Le déclic ? J’ai fait des études de traduction. Pour mon mémoire, j’avais traduit une partie d’un livre sur les enfants soldats, « Children at War ». Quelques années plus tard, j’ai lu « Le chemin parcouru » d’Ishmael Beah sur le même sujet. Et en refermant le bouquin, je me suis dit « ça suffit ». C’était plus fort que moi, je ne pouvais pas rester les bras croisés et j’ai donc créé WAPA. Dire « c’est dramatique », ce n’était pas assez. J’ai toujours été une indignée : depuis toute petite, je ne sais pas rester inactive face à l’injustice, quelle qu’elle soit. En montant des collectifs, j’ai participé à faire changer une loi pour allonger le congé d’adoption par exemple, ou modifié la circulation près de l’école de mes enfants après le décès d’une maman.
Exercer un boulot engagé, c’est comment ? Je n’ai jamais de mal à me lever le matin. Je fais ce boulot avec tout mon cœur et toute mon énergie, c’est un privilège énorme. La vie est trop courte et demain n’est jamais garanti. Je ne comprends pas comment on peut exercer un job qui ne nous passionne pas au quotidien, rentrer s’occuper des enfants et regarder un film niais le soir avant de tout recommencer le lendemain. Après, ce n’était pas un choix facile. Avant de pouvoir en vivre, on a travaillé bénévolement et enchaîné les boulots purement alimentaires pendant deux ans. Mais je suis convaincue que je suis une meilleure personne parce que je fais ce que j’aime. C’est génial aussi de créer de l’emploi, et pas uniquement le sien. Via les programmes de WAPA, il y a toute une série de personnes qui ont du travail dans le monde.
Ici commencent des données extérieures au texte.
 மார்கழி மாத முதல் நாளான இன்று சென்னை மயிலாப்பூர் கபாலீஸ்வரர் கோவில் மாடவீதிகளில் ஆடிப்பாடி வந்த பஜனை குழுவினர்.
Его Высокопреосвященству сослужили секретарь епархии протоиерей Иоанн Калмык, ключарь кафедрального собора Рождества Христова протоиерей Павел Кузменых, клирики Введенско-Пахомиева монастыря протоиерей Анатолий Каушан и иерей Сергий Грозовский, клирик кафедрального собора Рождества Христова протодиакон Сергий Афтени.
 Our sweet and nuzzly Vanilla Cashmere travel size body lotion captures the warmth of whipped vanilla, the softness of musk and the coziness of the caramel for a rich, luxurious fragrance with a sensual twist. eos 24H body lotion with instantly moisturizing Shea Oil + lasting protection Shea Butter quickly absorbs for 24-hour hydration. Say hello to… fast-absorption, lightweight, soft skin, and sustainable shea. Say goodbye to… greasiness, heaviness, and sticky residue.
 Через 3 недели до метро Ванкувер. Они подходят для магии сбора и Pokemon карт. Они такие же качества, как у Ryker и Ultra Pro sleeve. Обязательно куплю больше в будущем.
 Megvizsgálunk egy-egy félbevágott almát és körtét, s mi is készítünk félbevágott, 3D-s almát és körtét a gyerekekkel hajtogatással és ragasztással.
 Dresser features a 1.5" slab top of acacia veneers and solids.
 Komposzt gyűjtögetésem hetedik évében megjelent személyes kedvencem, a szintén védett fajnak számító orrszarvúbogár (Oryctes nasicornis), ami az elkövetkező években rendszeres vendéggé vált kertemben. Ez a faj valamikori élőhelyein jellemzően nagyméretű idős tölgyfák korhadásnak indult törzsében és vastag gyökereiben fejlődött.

La séparation vie privée/vie pro ? C’est compliqué vu que les deux sont liées. J’essaie de couper mes journées en deux, d’avoir la casquette « WAPA girl » uniquement pendant mes heures de travail, mais c’est difficile. Je bosse parfois le soir, les week-ends, j’ai toujours cette responsabilité en tête. Lorsque des enfants soldats ou des veuves de guerre me racontent leurs histoires, je suis forcément très impliquée et j’ai du mal à prendre de la distance. Parfois, c’est éprouvant de porter tout ça et je dois évacuer d’une manière ou d’une autre. Le temps fait toujours son œuvre et je me suis aussi mise au yoga. Ça me fait énormément de bien, c’est presque devenu essentiel pour me reconnecter à moi-même.
La relation avec tes collègues ? Elle est très forte. On se bat pour la même cause, on partage les mêmes valeurs et cette envie de changer le monde. Lorsque je lis un texte difficile qui traite des enfants soldats par exemple, j’ai envie de le partager et c’est vers mes collègues que je vais. On se comprend directement.
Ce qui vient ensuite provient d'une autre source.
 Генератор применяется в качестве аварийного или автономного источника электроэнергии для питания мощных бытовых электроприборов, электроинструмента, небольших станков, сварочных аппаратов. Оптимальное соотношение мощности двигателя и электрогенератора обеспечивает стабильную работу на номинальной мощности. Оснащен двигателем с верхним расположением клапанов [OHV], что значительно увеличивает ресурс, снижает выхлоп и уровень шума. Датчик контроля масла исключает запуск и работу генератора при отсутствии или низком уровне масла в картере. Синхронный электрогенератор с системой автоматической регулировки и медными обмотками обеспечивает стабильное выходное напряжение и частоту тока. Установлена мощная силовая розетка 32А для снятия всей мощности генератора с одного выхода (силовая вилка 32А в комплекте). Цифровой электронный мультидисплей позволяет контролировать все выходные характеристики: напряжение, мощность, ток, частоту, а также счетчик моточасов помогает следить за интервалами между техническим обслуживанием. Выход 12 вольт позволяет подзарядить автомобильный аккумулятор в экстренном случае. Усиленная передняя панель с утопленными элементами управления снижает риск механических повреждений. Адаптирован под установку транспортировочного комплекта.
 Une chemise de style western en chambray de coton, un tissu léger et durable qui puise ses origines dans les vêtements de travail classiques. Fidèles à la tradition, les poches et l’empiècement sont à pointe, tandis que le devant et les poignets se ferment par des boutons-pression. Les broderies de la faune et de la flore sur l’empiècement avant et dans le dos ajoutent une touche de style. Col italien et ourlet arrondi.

Un moment marquant ? À chaque fois que l’on part en mission. C’est violent et boostant en même temps. La dernière fois, c’était en Colombie et je ne m’attendais pas à ça. Je ne pensais pas que j’allais autant être bousculée par ce que j’y ai vu. Quand je rencontre des ex-enfants soldats et qu’ils finissent par me serrer dans les bras en me remerciant de me préoccuper d’eux, je n’ai plus de mots. Forcément, ça nous motive, on sait pourquoi on fait ce job au quotidien et on voit les résultats concrets.